Il languore arriva quando il sole cala in un tramonto retorico, isterilito ai più dai minuscoli occhietti degli smartphone.
È un languore futile: la fame del tardo pomeriggio annoiato, la sete del corpo rinsecchito dal caldo. Non contagiano le fiamme di luce che dall’acqua ascendono e accendono il cielo, non iniettano di melancolia il mio nuovo animo pertinace, scalfito a sangue solo dalle ferite della adorabile e adorata amica convalescente da un investimento.

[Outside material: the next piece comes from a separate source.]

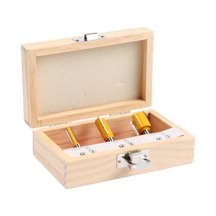 Набор фрез по дереву ТУНДРА, деревянный ящик, хвостовик 8 мм, 3 шт.

I baffetti sono il segno più sporgente della sagoma del giovane gestore del lido. Lavora da ciascun’alba sino a poco prima della successiva, tutti i giorni. Anche la breve tregua cui si abbandona, essendo necessità, è lavoro, serve per il lavoro. Il corpo così è asciutto, teso.
La sorella presidia la cassa e ingrassa cosce, culo e portafoglio. A voler resistere alla tentazione lombrosiana, a non voler tradurre in tratti del carattere i segni dei volti e dei corpi, da essi almeno si può cogliere l’affacciarsi di indizi dei mestieri.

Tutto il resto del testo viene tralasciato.